Baking, specifically pie-baking, is something I do well and really enjoy. And every time that I finally get myself in gear and start putting together a pie, I am always pleased and surprised (yes, really) at how my body just takes over. I made a strawberry-rhubarb pie on Memorial Day, and I was listening to a book on tape while I did it, and several times during the course of it, I would "wake up" and see where I was and what my hands were doing without my mind's commands! It is so very simple and easy, that I want to gather up all the women who think it is "too hard" and force them to take a class from me.
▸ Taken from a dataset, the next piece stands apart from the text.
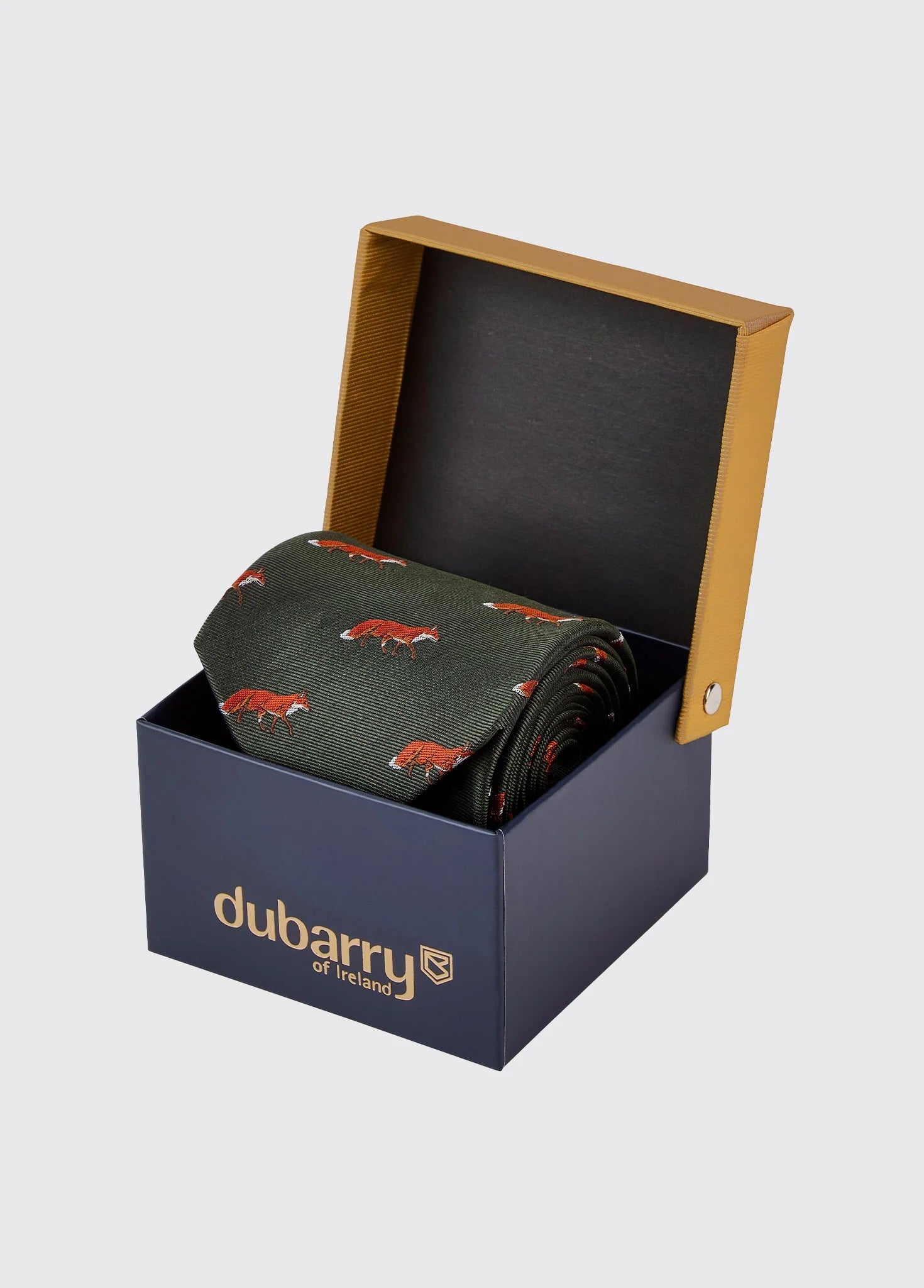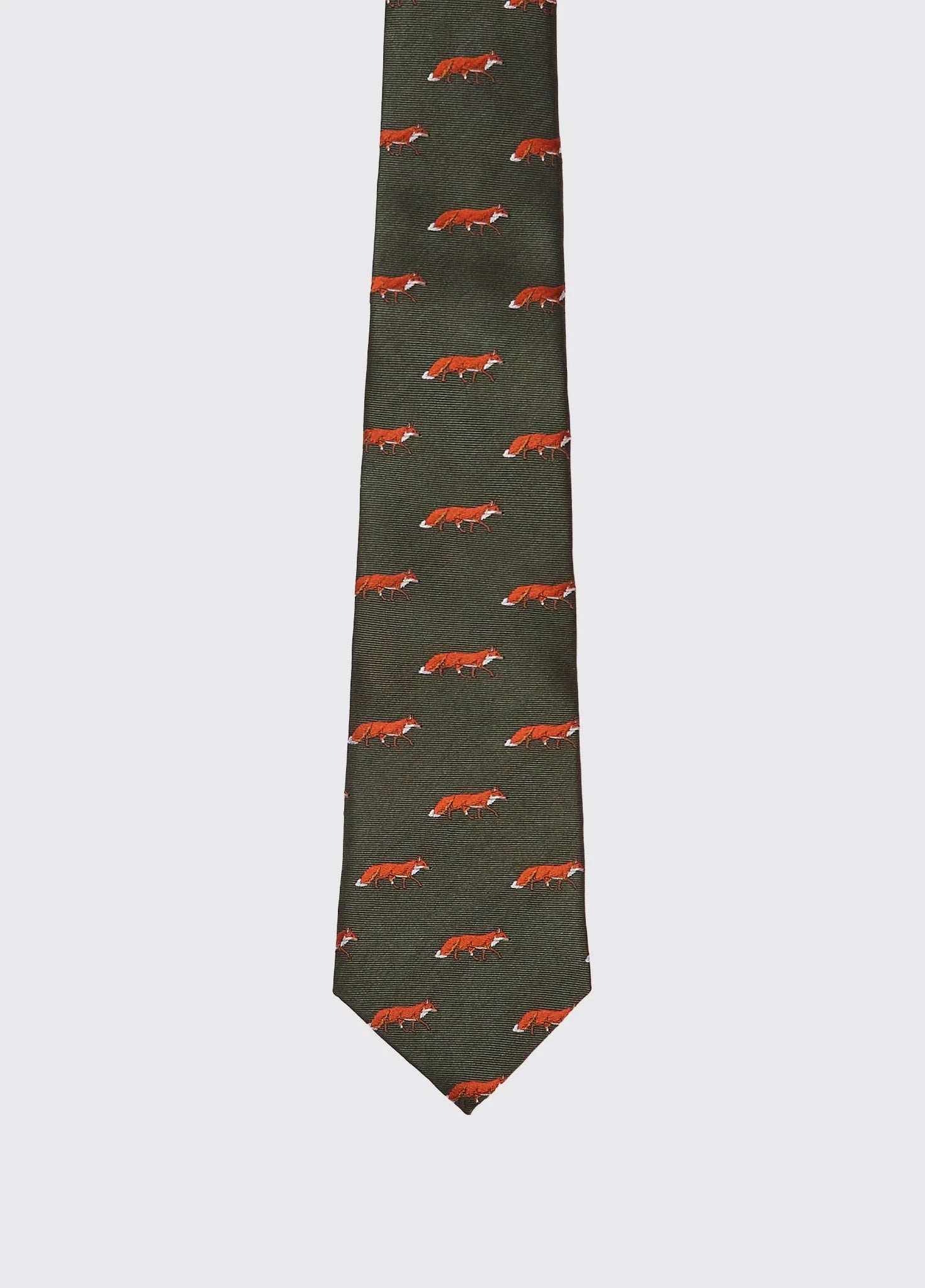 Klassisk och stilig jaktslips i silke med motiv av räv - från irländska Dubarry.

Man, the smell of that baking pie...! When I was younger and had more faith in myself, I would not even set a timer, but would just smell the air to know when something was approaching doneness (to be perfectly fair, I did this more with bread, and not pie. But occasionally pie, as well ) and would then start keeping an eye on the last few minutes, which are, as the world in general knows, the most important in a baking project.
I have finally grown up enough (or gotten old enough -- this is an elderly thing!) to think that a perfect slice of pie is made even more perfect, if that were possible (which obviously it isn't!) by a scoop of good vanilla ice cream, or failing that, some whipped cream. Some form of faintly sweetened cream to go with the pastry, whihc now seems to fill my mouth with too much crumb. Isn't that amazing? I used to LOOOOOVE pie pastry, and make lots of pastry cookies, and eat them without any difficulty. Now, however, the last few bites of pastry make me reach repeatedly for the milk.
Although, sitting here thinking about pastry cookies....yummy. A little orange marmalade, a little powdered sugar...mmm.